MATERIAL TO PROCESS:
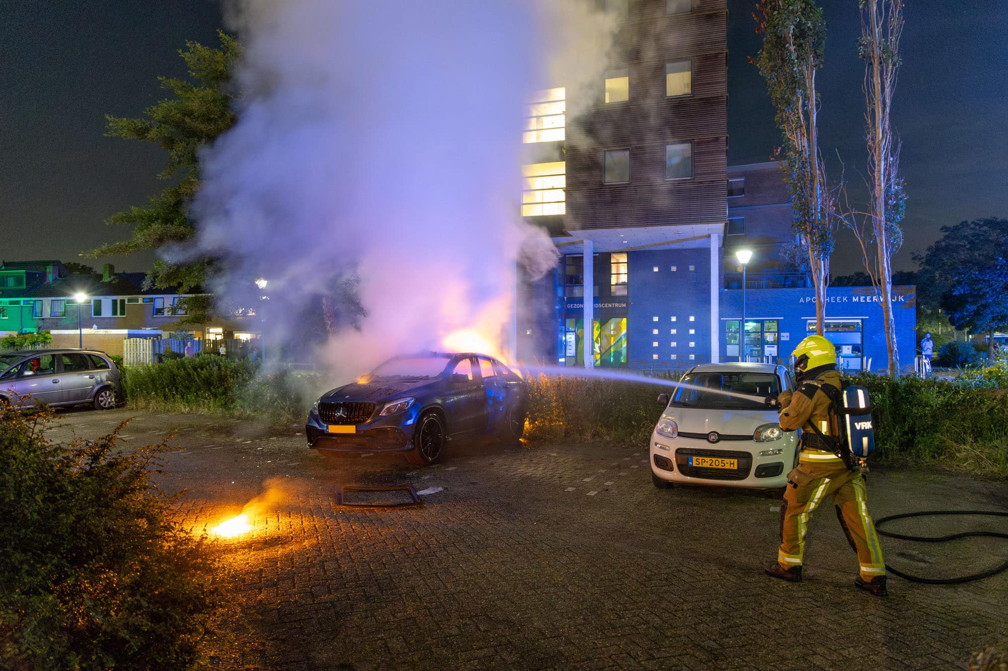 Op de Jan van Zutphenstraat in Schalkwijk is rond middernacht een Mercedes in vlammen opgegaan. De auto stond daar geparkeerd op de parkeerplaats.
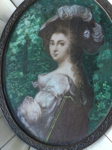Ubekendt miniature maler (19 årh): Portræt af ung dame med fjerprydet hat i havelandskab. Gouache på ben. Sign.: usigneret Indrammet i lettere defekt og bulet benramme. Mål: 8½ x 6½ (14x12)
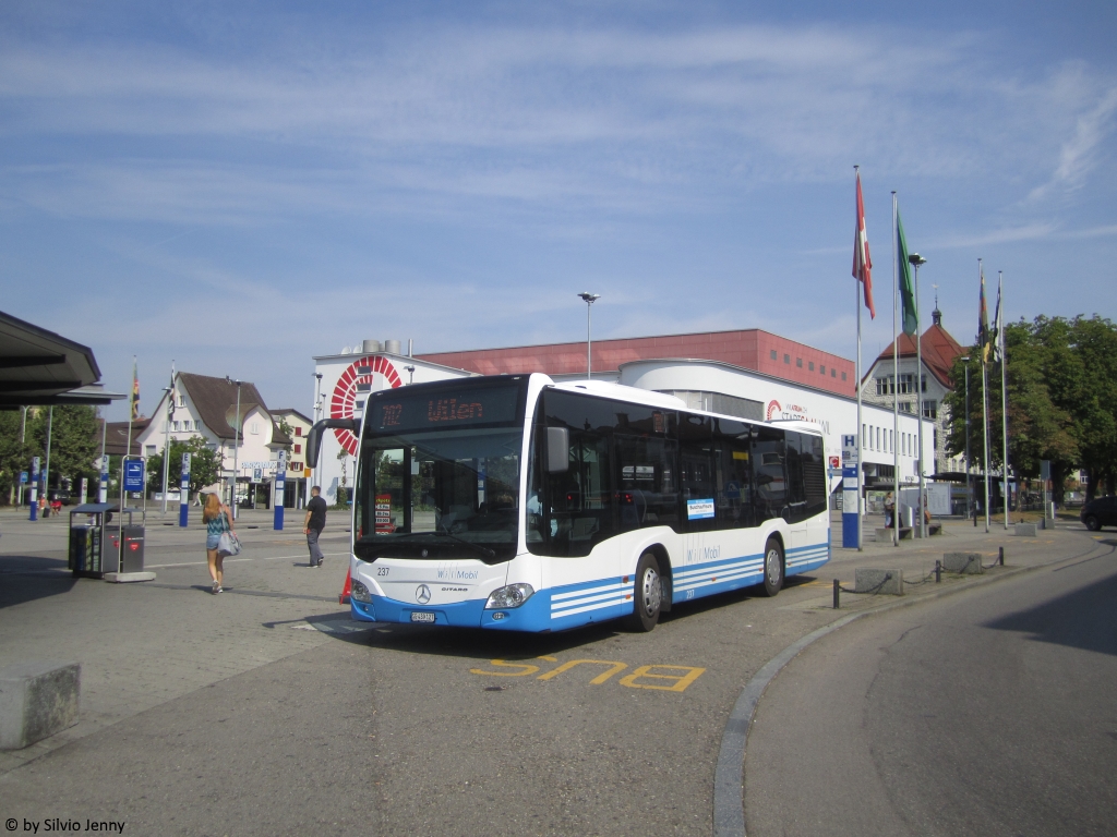 Postauto/PU Schmidt (ex. Regie Yverdon-les-Bains) SG 397 506 (Solaris Urbino 12) am 6.8.2018 beim Bhf. Wil SG. Die frührere Herkunft dieses Postautos ist immer noch am Waadtländer, statt dem St.Galler Wappen unterhalb des Fahrerfensters zu sehen. Silvio Jenny
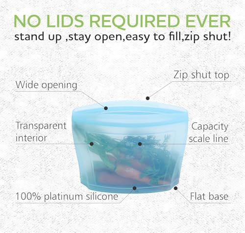 - STURDY AND EASY TO FILL: Not only are these silicone food storage bags very stretchy, the wide base design allows them to stand up and keep the top open for easy and mess-free filling, perfect for storage and meal prep.
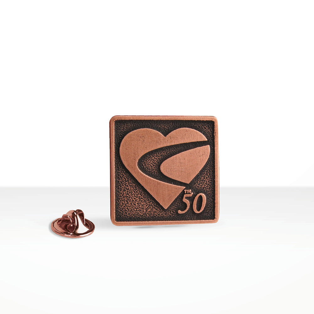 Showcase your logo or initiative with a 100% custom 2D shape, colour-fill enamel pin. Made in Canada. Up to 1". Responsibly made from recycled metals.

DESCRIPTION OF THE TASK:
Copy each record exactly. Leave any images out of the copy.

ANSWER TO THIS EXERCISE:
 Op de Jan van Zutphenstraat in Schalkwijk is rond middernacht een Mercedes in vlammen opgegaan. De auto stond daar geparkeerd op de parkeerplaats.
Ubekendt miniature maler (19 årh): Portræt af ung dame med fjerprydet hat i havelandskab. Gouache på ben. Sign.: usigneret Indrammet i lettere defekt og bulet benramme. Mål: 8½ x 6½ (14x12)
 Postauto/PU Schmidt (ex. Regie Yverdon-les-Bains) SG 397 506 (Solaris Urbino 12) am 6.8.2018 beim Bhf. Wil SG. Die frührere Herkunft dieses Postautos ist immer noch am Waadtländer, statt dem St.Galler Wappen unterhalb des Fahrerfensters zu sehen. Silvio Jenny
 - STURDY AND EASY TO FILL: Not only are these silicone food storage bags very stretchy, the wide base design allows them to stand up and keep the top open for easy and mess-free filling, perfect for storage and meal prep.
 Showcase your logo or initiative with a 100% custom 2D shape, colour-fill enamel pin. Made in Canada. Up to 1". Responsibly made from recycled metals.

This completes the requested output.